What to produce: Set down every entry once more, exactly as it appears.
--- Material provided Enclosed Below ---
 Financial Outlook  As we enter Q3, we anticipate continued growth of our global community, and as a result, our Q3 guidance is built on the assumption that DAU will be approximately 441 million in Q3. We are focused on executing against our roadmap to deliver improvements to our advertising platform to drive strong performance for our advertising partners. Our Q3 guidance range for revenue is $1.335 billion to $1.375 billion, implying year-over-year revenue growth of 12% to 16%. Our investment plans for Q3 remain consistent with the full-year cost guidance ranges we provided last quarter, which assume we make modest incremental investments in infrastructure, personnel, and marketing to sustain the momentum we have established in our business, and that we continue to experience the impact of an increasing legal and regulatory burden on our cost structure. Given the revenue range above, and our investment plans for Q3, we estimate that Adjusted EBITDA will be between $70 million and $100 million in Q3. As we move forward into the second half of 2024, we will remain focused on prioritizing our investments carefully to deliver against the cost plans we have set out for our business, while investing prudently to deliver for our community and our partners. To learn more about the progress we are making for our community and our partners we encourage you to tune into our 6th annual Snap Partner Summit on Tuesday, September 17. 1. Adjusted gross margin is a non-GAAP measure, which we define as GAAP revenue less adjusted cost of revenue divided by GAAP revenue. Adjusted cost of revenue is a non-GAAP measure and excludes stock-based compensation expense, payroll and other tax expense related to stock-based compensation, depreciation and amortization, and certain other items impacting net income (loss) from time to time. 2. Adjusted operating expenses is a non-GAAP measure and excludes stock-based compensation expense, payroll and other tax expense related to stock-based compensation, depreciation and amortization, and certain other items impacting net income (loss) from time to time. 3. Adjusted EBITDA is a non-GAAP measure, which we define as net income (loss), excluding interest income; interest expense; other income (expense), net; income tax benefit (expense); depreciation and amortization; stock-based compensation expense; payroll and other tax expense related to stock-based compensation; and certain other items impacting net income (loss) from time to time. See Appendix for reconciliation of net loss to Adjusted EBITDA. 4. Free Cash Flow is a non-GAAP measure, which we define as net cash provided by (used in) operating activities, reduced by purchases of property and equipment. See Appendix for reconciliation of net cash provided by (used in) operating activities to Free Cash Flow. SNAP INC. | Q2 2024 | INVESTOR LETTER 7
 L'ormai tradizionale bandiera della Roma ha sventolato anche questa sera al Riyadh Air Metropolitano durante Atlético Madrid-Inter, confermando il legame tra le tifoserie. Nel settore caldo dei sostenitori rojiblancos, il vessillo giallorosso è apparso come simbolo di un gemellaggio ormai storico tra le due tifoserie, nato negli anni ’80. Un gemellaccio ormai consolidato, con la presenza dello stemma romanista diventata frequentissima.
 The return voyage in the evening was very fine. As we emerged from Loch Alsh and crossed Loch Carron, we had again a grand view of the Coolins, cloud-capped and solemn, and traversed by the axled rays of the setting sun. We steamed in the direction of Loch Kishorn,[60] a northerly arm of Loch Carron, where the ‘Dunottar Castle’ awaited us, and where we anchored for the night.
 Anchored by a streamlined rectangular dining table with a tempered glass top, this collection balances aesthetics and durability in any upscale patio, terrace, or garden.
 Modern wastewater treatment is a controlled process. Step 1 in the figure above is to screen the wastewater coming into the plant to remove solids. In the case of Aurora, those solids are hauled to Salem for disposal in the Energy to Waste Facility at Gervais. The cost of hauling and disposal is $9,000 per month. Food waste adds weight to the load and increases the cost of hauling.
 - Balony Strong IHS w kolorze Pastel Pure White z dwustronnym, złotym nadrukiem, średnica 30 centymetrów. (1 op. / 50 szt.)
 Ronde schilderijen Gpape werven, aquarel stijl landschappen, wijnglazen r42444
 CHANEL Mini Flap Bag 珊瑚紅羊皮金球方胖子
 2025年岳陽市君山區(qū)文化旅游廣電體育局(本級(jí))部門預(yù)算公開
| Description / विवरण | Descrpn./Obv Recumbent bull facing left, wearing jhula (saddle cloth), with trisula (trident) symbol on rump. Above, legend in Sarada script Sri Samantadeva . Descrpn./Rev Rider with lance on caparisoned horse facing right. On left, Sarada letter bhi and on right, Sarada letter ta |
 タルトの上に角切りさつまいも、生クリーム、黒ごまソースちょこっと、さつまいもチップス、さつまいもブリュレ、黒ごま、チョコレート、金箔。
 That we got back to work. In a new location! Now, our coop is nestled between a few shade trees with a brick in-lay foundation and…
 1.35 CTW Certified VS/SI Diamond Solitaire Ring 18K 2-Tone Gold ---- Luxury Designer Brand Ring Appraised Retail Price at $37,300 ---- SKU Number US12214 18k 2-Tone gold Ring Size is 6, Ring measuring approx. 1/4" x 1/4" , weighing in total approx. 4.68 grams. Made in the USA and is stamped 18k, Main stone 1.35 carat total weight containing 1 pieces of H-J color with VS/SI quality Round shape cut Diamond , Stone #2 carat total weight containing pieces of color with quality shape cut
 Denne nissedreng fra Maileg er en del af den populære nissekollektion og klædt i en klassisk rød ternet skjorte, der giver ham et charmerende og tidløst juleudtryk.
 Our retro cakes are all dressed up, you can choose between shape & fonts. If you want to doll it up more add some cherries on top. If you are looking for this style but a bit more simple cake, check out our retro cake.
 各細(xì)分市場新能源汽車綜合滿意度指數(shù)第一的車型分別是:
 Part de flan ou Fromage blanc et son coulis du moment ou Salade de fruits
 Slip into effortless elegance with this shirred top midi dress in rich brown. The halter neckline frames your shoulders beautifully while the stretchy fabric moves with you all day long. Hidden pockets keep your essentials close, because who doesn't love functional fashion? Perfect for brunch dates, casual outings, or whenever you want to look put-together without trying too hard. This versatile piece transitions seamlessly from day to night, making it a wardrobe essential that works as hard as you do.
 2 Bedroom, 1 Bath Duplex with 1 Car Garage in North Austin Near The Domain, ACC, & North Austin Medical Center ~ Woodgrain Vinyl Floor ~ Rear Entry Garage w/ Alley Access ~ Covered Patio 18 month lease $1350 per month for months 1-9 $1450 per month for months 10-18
--- End of Enclosed Material provided ---
Expected answer:
 Financial Outlook  As we enter Q3, we anticipate continued growth of our global community, and as a result, our Q3 guidance is built on the assumption that DAU will be approximately 441 million in Q3. We are focused on executing against our roadmap to deliver improvements to our advertising platform to drive strong performance for our advertising partners. Our Q3 guidance range for revenue is $1.335 billion to $1.375 billion, implying year-over-year revenue growth of 12% to 16%. Our investment plans for Q3 remain consistent with the full-year cost guidance ranges we provided last quarter, which assume we make modest incremental investments in infrastructure, personnel, and marketing to sustain the momentum we have established in our business, and that we continue to experience the impact of an increasing legal and regulatory burden on our cost structure. Given the revenue range above, and our investment plans for Q3, we estimate that Adjusted EBITDA will be between $70 million and $100 million in Q3. As we move forward into the second half of 2024, we will remain focused on prioritizing our investments carefully to deliver against the cost plans we have set out for our business, while investing prudently to deliver for our community and our partners. To learn more about the progress we are making for our community and our partners we encourage you to tune into our 6th annual Snap Partner Summit on Tuesday, September 17. 1. Adjusted gross margin is a non-GAAP measure, which we define as GAAP revenue less adjusted cost of revenue divided by GAAP revenue. Adjusted cost of revenue is a non-GAAP measure and excludes stock-based compensation expense, payroll and other tax expense related to stock-based compensation, depreciation and amortization, and certain other items impacting net income (loss) from time to time. 2. Adjusted operating expenses is a non-GAAP measure and excludes stock-based compensation expense, payroll and other tax expense related to stock-based compensation, depreciation and amortization, and certain other items impacting net income (loss) from time to time. 3. Adjusted EBITDA is a non-GAAP measure, which we define as net income (loss), excluding interest income; interest expense; other income (expense), net; income tax benefit (expense); depreciation and amortization; stock-based compensation expense; payroll and other tax expense related to stock-based compensation; and certain other items impacting net income (loss) from time to time. See Appendix for reconciliation of net loss to Adjusted EBITDA. 4. Free Cash Flow is a non-GAAP measure, which we define as net cash provided by (used in) operating activities, reduced by purchases of property and equipment. See Appendix for reconciliation of net cash provided by (used in) operating activities to Free Cash Flow. SNAP INC. | Q2 2024 | INVESTOR LETTER 7
 L'ormai tradizionale bandiera della Roma ha sventolato anche questa sera al Riyadh Air Metropolitano durante Atlético Madrid-Inter, confermando il legame tra le tifoserie. Nel settore caldo dei sostenitori rojiblancos, il vessillo giallorosso è apparso come simbolo di un gemellaggio ormai storico tra le due tifoserie, nato negli anni ’80. Un gemellaccio ormai consolidato, con la presenza dello stemma romanista diventata frequentissima.
 The return voyage in the evening was very fine. As we emerged from Loch Alsh and crossed Loch Carron, we had again a grand view of the Coolins, cloud-capped and solemn, and traversed by the axled rays of the setting sun. We steamed in the direction of Loch Kishorn,[60] a northerly arm of Loch Carron, where the ‘Dunottar Castle’ awaited us, and where we anchored for the night.
 Anchored by a streamlined rectangular dining table with a tempered glass top, this collection balances aesthetics and durability in any upscale patio, terrace, or garden.
 Modern wastewater treatment is a controlled process. Step 1 in the figure above is to screen the wastewater coming into the plant to remove solids. In the case of Aurora, those solids are hauled to Salem for disposal in the Energy to Waste Facility at Gervais. The cost of hauling and disposal is $9,000 per month. Food waste adds weight to the load and increases the cost of hauling.
 - Balony Strong IHS w kolorze Pastel Pure White z dwustronnym, złotym nadrukiem, średnica 30 centymetrów. (1 op. / 50 szt.)
 Ronde schilderijen Gpape werven, aquarel stijl landschappen, wijnglazen r42444
 CHANEL Mini Flap Bag 珊瑚紅羊皮金球方胖子
 2025年岳陽市君山區(qū)文化旅游廣電體育局(本級(jí))部門預(yù)算公開
| Description / विवरण | Descrpn./Obv Recumbent bull facing left, wearing jhula (saddle cloth), with trisula (trident) symbol on rump. Above, legend in Sarada script Sri Samantadeva . Descrpn./Rev Rider with lance on caparisoned horse facing right. On left, Sarada letter bhi and on right, Sarada letter ta |
 タルトの上に角切りさつまいも、生クリーム、黒ごまソースちょこっと、さつまいもチップス、さつまいもブリュレ、黒ごま、チョコレート、金箔。
 That we got back to work. In a new location! Now, our coop is nestled between a few shade trees with a brick in-lay foundation and…
 1.35 CTW Certified VS/SI Diamond Solitaire Ring 18K 2-Tone Gold ---- Luxury Designer Brand Ring Appraised Retail Price at $37,300 ---- SKU Number US12214 18k 2-Tone gold Ring Size is 6, Ring measuring approx. 1/4" x 1/4" , weighing in total approx. 4.68 grams. Made in the USA and is stamped 18k, Main stone 1.35 carat total weight containing 1 pieces of H-J color with VS/SI quality Round shape cut Diamond , Stone #2 carat total weight containing pieces of color with quality shape cut
 Denne nissedreng fra Maileg er en del af den populære nissekollektion og klædt i en klassisk rød ternet skjorte, der giver ham et charmerende og tidløst juleudtryk.
 Our retro cakes are all dressed up, you can choose between shape & fonts. If you want to doll it up more add some cherries on top. If you are looking for this style but a bit more simple cake, check out our retro cake.
 各細(xì)分市場新能源汽車綜合滿意度指數(shù)第一的車型分別是:
 Part de flan ou Fromage blanc et son coulis du moment ou Salade de fruits
 Slip into effortless elegance with this shirred top midi dress in rich brown. The halter neckline frames your shoulders beautifully while the stretchy fabric moves with you all day long. Hidden pockets keep your essentials close, because who doesn't love functional fashion? Perfect for brunch dates, casual outings, or whenever you want to look put-together without trying too hard. This versatile piece transitions seamlessly from day to night, making it a wardrobe essential that works as hard as you do.
 2 Bedroom, 1 Bath Duplex with 1 Car Garage in North Austin Near The Domain, ACC, & North Austin Medical Center ~ Woodgrain Vinyl Floor ~ Rear Entry Garage w/ Alley Access ~ Covered Patio 18 month lease $1350 per month for months 1-9 $1450 per month for months 10-18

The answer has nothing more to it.